Setiap guru pasti pernah menghadapi situasi sulit  antara mendidik dengan tegas atau menegur dengan lembut. Tidak jarang, di balik wajah yang tampak tenang, ada pergulatan batin yang hebat. Aku pun pernah berada dalam posisi itu: menahan amarah saat siswa membantah, menelan kecewa ketika mereka mengulang kesalahan yang sama, dan mencoba sabar meski hati sebenarnya sedang bergejolak.
Menjadi guru tidak sekadar tentang menyampaikan pelajaran, tetapi juga tentang mengendalikan diri di tengah ujian yang datang dari arah tak terduga. Sering kali, guru dituntut untuk menjadi sosok yang sempurna sabar tanpa batas, bijak tanpa cela, kuat tanpa lelah. Padahal, di balik seragam dan senyuman itu, guru juga manusia biasa, yang bisa lelah, terluka, dan khilaf.

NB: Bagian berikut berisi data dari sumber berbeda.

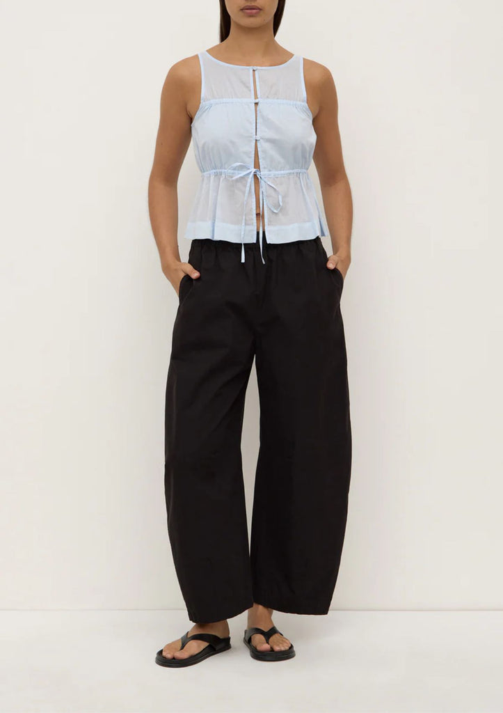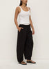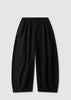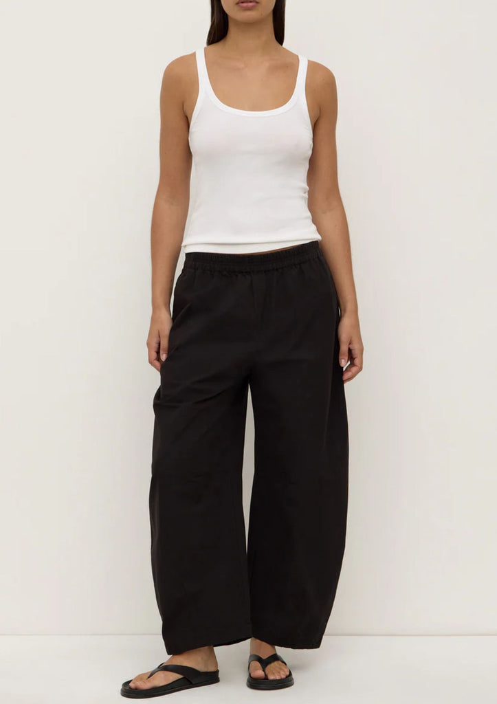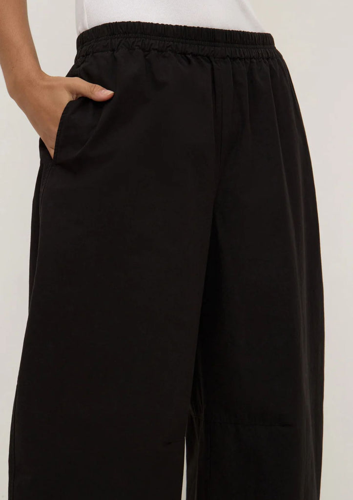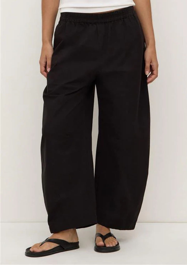The Lola Barrel Leg Pant in black is a 100% cotton voluminous leg pant that flares at the knee and tapers at the ankle.

Ketika membaca berita tentang seorang kepala sekolah yang menampar siswanya karena ketahuan merokok, aku terdiam cukup lama. Bukan karena ingin menghakimi, tapi karena peristiwa itu seakan menghadirkan cermin besar di hadapanku. Sebuah cermin yang memantulkan wajah pendidikan kita hari ini wajah yang lelah, tertekan, dan terkadang kehilangan ruang untuk bernafas dengan hati.
Kasus itu terjadi di SMA Negeri 1 Cimarga, Kabupaten Lebak, Banten. Tamparan yang berlangsung hanya sekejap itu kemudian mengguncang ruang publik, menjelma polemik antara kedisiplinan dan kekerasan. Sebagian orang menyalahkan kepala sekolah, sebagian lain membelanya. Namun di balik hiruk-pikuk opini, aku justru melihatnya sebagai panggilan untuk merenung lebih dalam: apa sebenarnya yang sedang terjadi dalam dunia pendidikan kita?

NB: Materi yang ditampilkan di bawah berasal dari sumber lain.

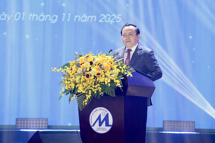 Phát biểu tại buổi lễ, PGS.TS Phạm Tiến Đạt – Bí thư Đảng ủy, Hiệu trưởng Nhà trường đã gửi lời chúc mừng nồng nhiệt đến các tân sinh viên khóa 25D. Thầy nhấn mạnh ý nghĩa của Lễ Khai khóa như một dấu mốc khởi đầu hành trình học tập, rèn luyện và trưởng thành của mỗi sinh viên. Thầy khẳng định, UFM không chỉ là nơi truyền thụ tri thức, mà còn là môi trường nuôi dưỡng đam mê, bản lĩnh và khát vọng vươn xa của thế hệ trẻ, hướng đến xây dựng đội ngũ nguồn nhân lực chất lượng cao cho xã hội.

Niat Baik yang Tersandung Cara
Kepala sekolah itu, Ibu Dini Fitri, menegur siswanya karena merokok di area sekolah. Teguran itu disampaikan dengan kata-kata keras, bahkan diikuti dengan tamparan. Dalam hitungan jam, berita pun menyebar, memantik reaksi dari banyak pihak.
Aku percaya, niat awal sang kepala sekolah bukan untuk melukai. Mungkin ia hanya ingin menegakkan disiplin. Tetapi dalam dunia pendidikan modern, cara sering kali lebih penting daripada sekadar tujuan. Sebab setiap tindakan pendidik akan selalu menjadi cermin bagi peserta didiknya.
Teguran yang keras bisa jadi dimaksudkan untuk mendidik, namun jika dibungkus emosi, hasilnya justru melukai. Di titik inilah, kita semua perlu berhenti sejenak untuk bertanya: sudahkah kita mendidik dengan hati?